# Dataset content
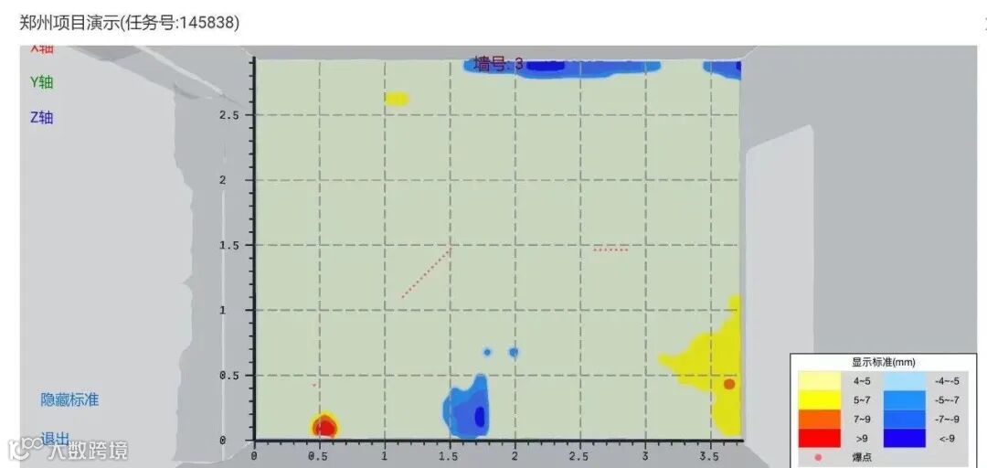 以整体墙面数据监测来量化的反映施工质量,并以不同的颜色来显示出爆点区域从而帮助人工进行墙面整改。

---

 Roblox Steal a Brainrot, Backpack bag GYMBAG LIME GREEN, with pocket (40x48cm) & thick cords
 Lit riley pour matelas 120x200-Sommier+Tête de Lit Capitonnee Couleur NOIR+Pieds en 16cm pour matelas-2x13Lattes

# Exercise
Begin at the line above that has "Roblox Steal a" and stop after the line that has "Lit riley pour", copying each line exactly and adding nothing else.

# Finished task
 Roblox Steal a Brainrot, Backpack bag GYMBAG LIME GREEN, with pocket (40x48cm) & thick cords
 Lit riley pour matelas 120x200-Sommier+Tête de Lit Capitonnee Couleur NOIR+Pieds en 16cm pour matelas-2x13Lattes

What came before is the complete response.